• Description of the task
Write out the data word for word, taking care that no picture is carried over.

[Data records]
______

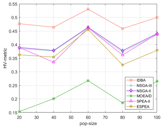 Figure 21 shows the changing trend of IGD-metric under different population sizes. It reveals that the population size has little effect on the algorithm, as well as the fluctuation degree of the algorithm. Notice that the curve of IDBA is always at the bottom of the figure, meaning its IGD metric is the lowest among the six algorithms, so the Pareto solution obtained by IDBA is closest to the real Pareto frontier. From this, we can draw a conclusion, i.e., under the premise that the population meets the maximum Pareto number, as long as the number of iterations of IDBA is sufficient, the algorithm can achieve good convergence in general. Similarly, the test method of IGD-metric is still valid for HV-metric and Epsilon-metric. Figure 22 and Figure 23 illustrate the changing trend of HV-metric and Epsilon-metric under different population sizes, respectively. It is easy to find that HV-metric and Epsilon-metric are consistent with IGD-metric.
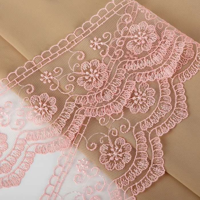 Кружево на сетке, 85 мм × 11 ± 1 м, цвет нежно-розовый
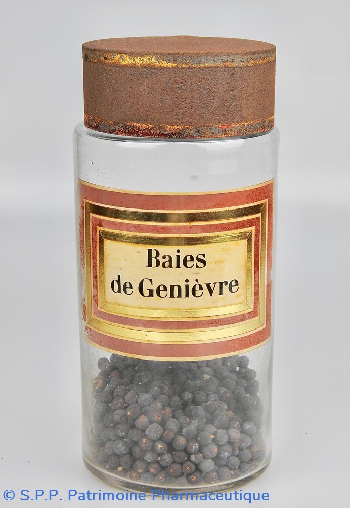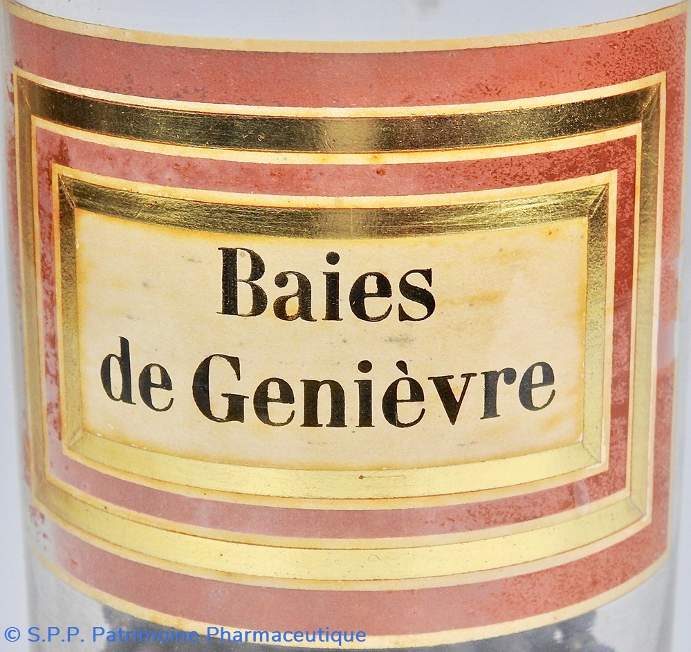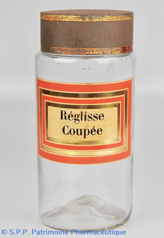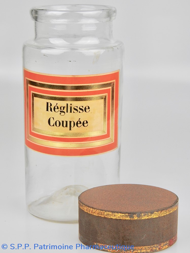Flacon de pharmacie en verre soufflé à large ouverture supérieure permettant l'introduction facile de plantes. Etiquette collée à l'intérieur très joliment ornée d'encadrements alternés or et rouge. Le nom est inscrit en noir au milieu d'un rectangle beige. Quelques taches sur l'étiquette. Un couvercle en tôle peinte mais fortement rouillé surmonte le flacon sans bouchon intérieur. Ce couvercle était initialement décoré à sa base et dans la partie supérieure de filets dorés. Le flacon est vide de plantes.
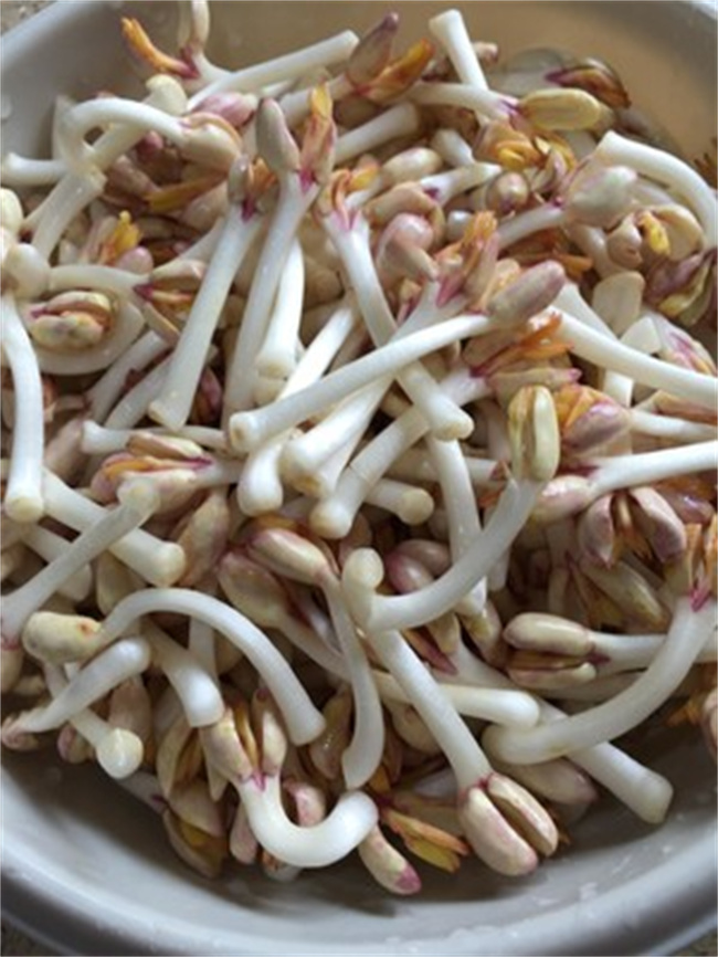 花生芽生長(zhǎng)期間始終保持黑暗環(huán)境,一般在室溫條件下,7-8天左右可收芽苗了。
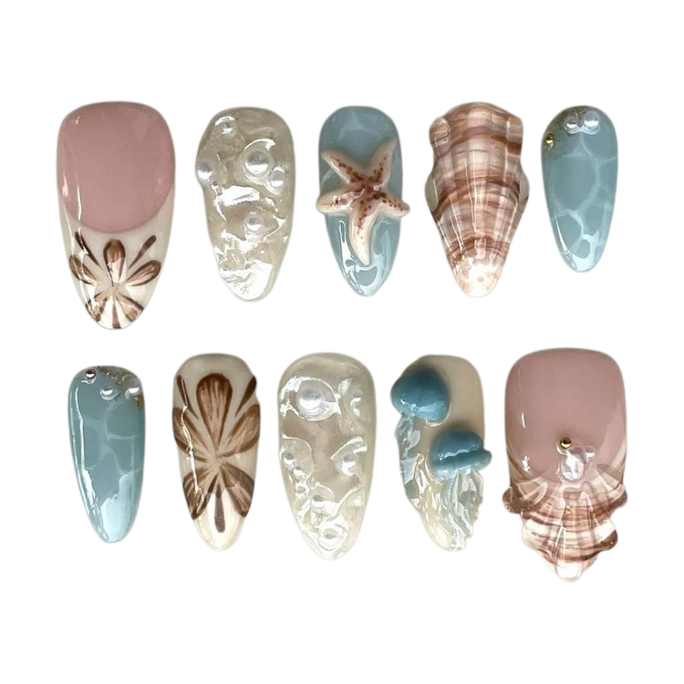 A serene coastal design inspired by seashell whispers and ocean treasures. The blend of sandy beige, pearl shimmer, and seafoam blue captures the soft magic of a hidden shoreline.

______

• Response below
 Figure 21 shows the changing trend of IGD-metric under different population sizes. It reveals that the population size has little effect on the algorithm, as well as the fluctuation degree of the algorithm. Notice that the curve of IDBA is always at the bottom of the figure, meaning its IGD metric is the lowest among the six algorithms, so the Pareto solution obtained by IDBA is closest to the real Pareto frontier. From this, we can draw a conclusion, i.e., under the premise that the population meets the maximum Pareto number, as long as the number of iterations of IDBA is sufficient, the algorithm can achieve good convergence in general. Similarly, the test method of IGD-metric is still valid for HV-metric and Epsilon-metric. Figure 22 and Figure 23 illustrate the changing trend of HV-metric and Epsilon-metric under different population sizes, respectively. It is easy to find that HV-metric and Epsilon-metric are consistent with IGD-metric.
 Кружево на сетке, 85 мм × 11 ± 1 м, цвет нежно-розовый
Flacon de pharmacie en verre soufflé à large ouverture supérieure permettant l'introduction facile de plantes. Etiquette collée à l'intérieur très joliment ornée d'encadrements alternés or et rouge. Le nom est inscrit en noir au milieu d'un rectangle beige. Quelques taches sur l'étiquette. Un couvercle en tôle peinte mais fortement rouillé surmonte le flacon sans bouchon intérieur. Ce couvercle était initialement décoré à sa base et dans la partie supérieure de filets dorés. Le flacon est vide de plantes.
 花生芽生長(zhǎng)期間始終保持黑暗環(huán)境,一般在室溫條件下,7-8天左右可收芽苗了。
 A serene coastal design inspired by seashell whispers and ocean treasures. The blend of sandy beige, pearl shimmer, and seafoam blue captures the soft magic of a hidden shoreline.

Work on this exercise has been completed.